En effet, les deux bandits s’avançaient en se donnant le bras.

Ils ne tardèrent pas à rejoindre le groupe.

Sacrais consulta sa montre.

— Encore quelques minutes d’attente, fit-il en entraînant à sa suite les bandits vers la prison.

La Sauvage prit son bras sans affectation et ils s’entretinrent quelques instants.

Posté à une dizaine de pas, Jean-Baptiste Flack ne perdait rien de cette scène.

Il s’attendait à voir arriver Caudirol d’un moment à l’autre.

Son attente fut trompée.

La porte de Saint-Lazare s’ouvrit, en même temps qu’à l’intérieur de la maison on entendait ce cri, répété à intervalles réguliers :

— Liberté !

Et, chaque fois, une femme apparaissait sur le seuil de la prison et faisait quelques pas sur le trottoir.

Flack remarquait l’hésitation des libérées.

Les unes restaient là, indécises, ahuries de se trouver en plein air, après de longs mois de détention.

D’autres songeaient avec désespoir aux misères qui les attendaient, seules, sans ressources, sur le pavé de Paris.

La plupart étaient joyeuses et subissaient le vertige de la liberté.
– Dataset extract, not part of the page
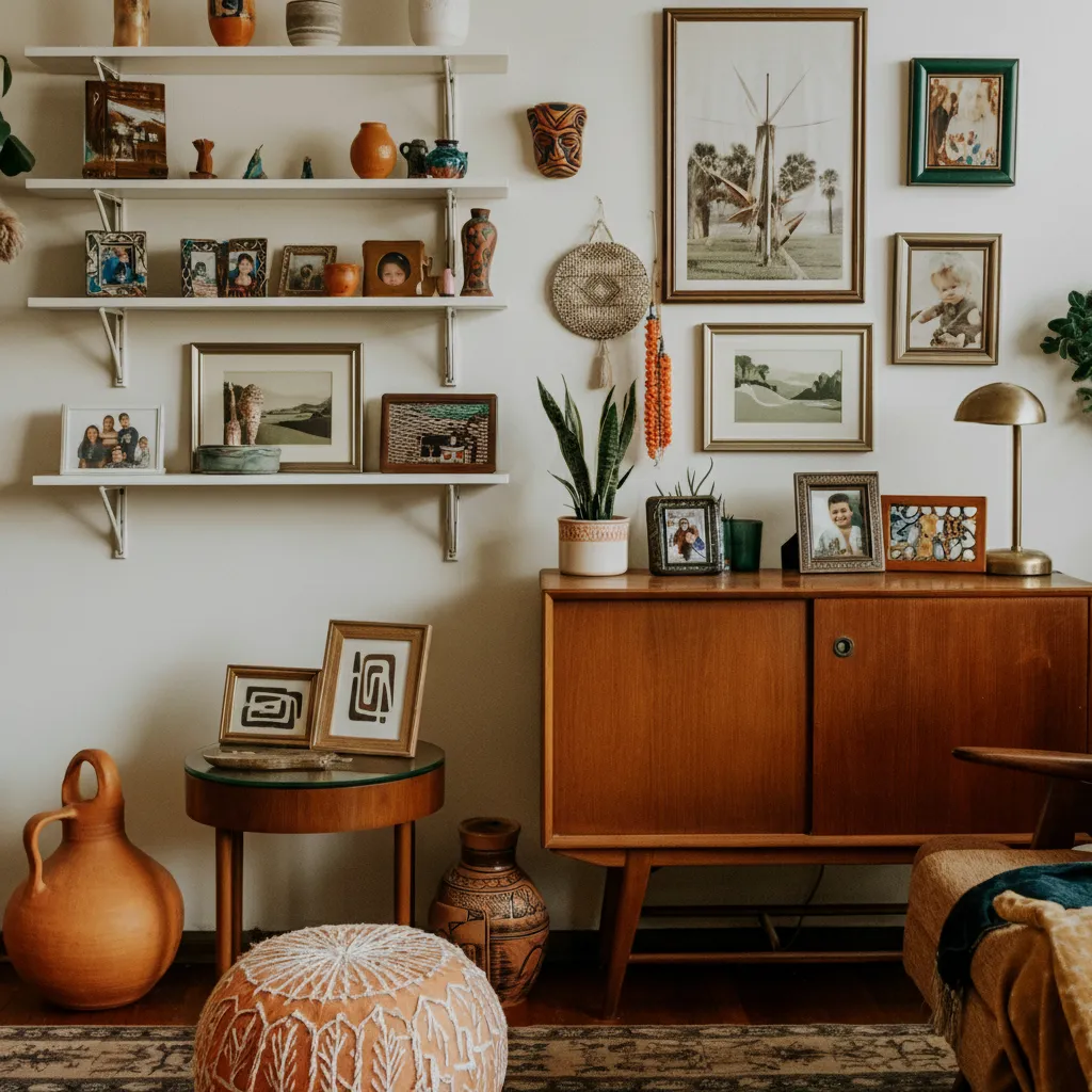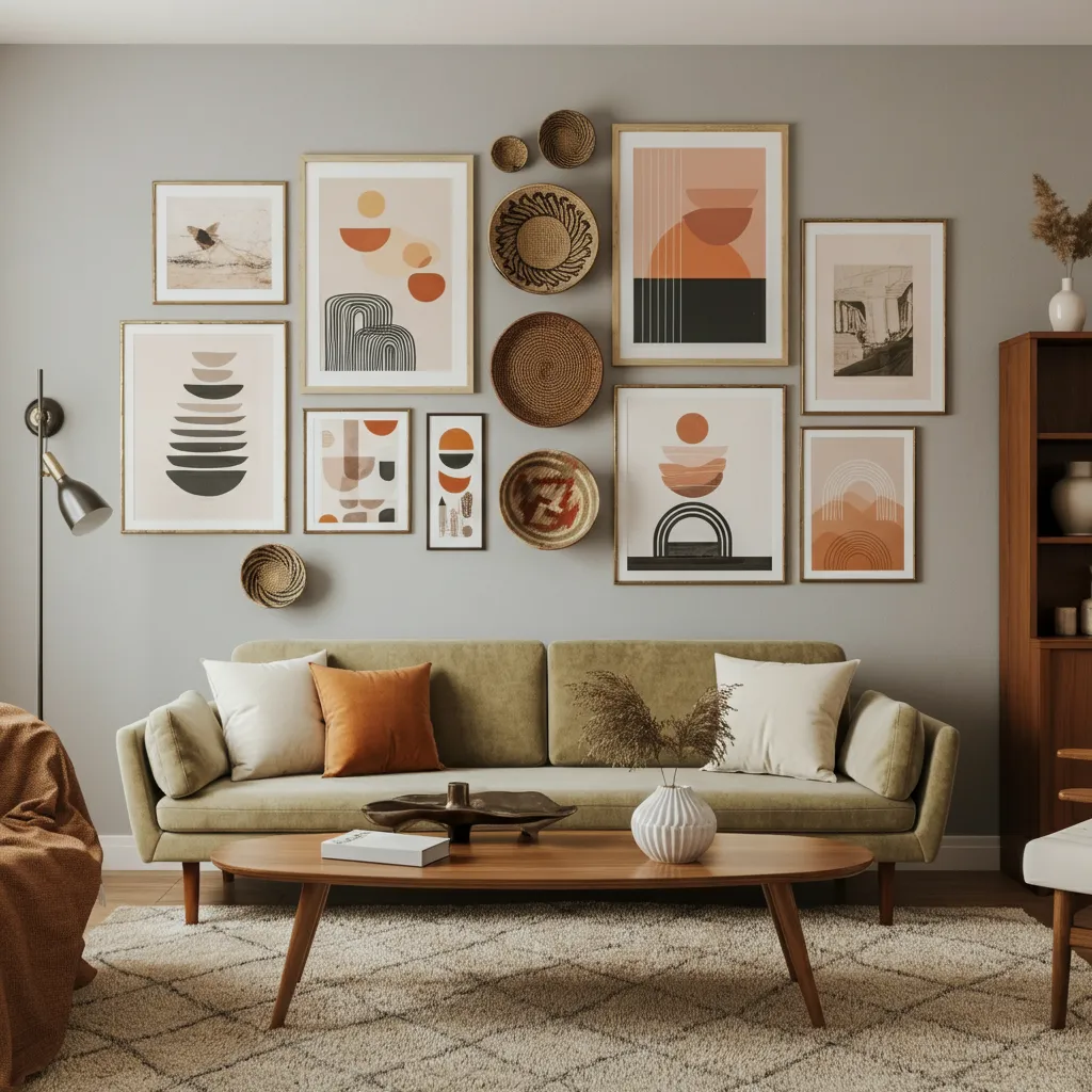 A gallery wall is a great way to showcase your personality. Mix mid-century modern art prints with boho-inspired pieces like woven baskets or macramé hangings for a curated look.

Plus de geôliers, plus de sœurs pour les espionner et les maltraiter ! Elles oubliaient la misère qui les guettait à la sortie.

En passant devant le dernier guichet, un surveillant leur tendait un pain bis, appelé boule de son. Presque toutes le refusaient, sans songer que dans quelques heures la faim leur tordrait les entrailles.

Un certain nombre d’individus stationnaient devant la prison.

Des souteneurs attendaient leurs maîtresses. Des rôdeurs de barrière, en quête de femmes, essayaient de s’en procurer à bas prix, à la sortie des prisonnières.

À côté de cela, silencieux et à l’écart, des parents attendaient, eux aussi !

Une femme qui avait accouché dans la maison s’en alla les yeux baissés, en allaitant son enfant. Sous son tablier, elle dissimulait le pain noir qu’elle avait prudemment accepté.

Jean-Baptiste Flack se sentait envahi par une intolérable émotion.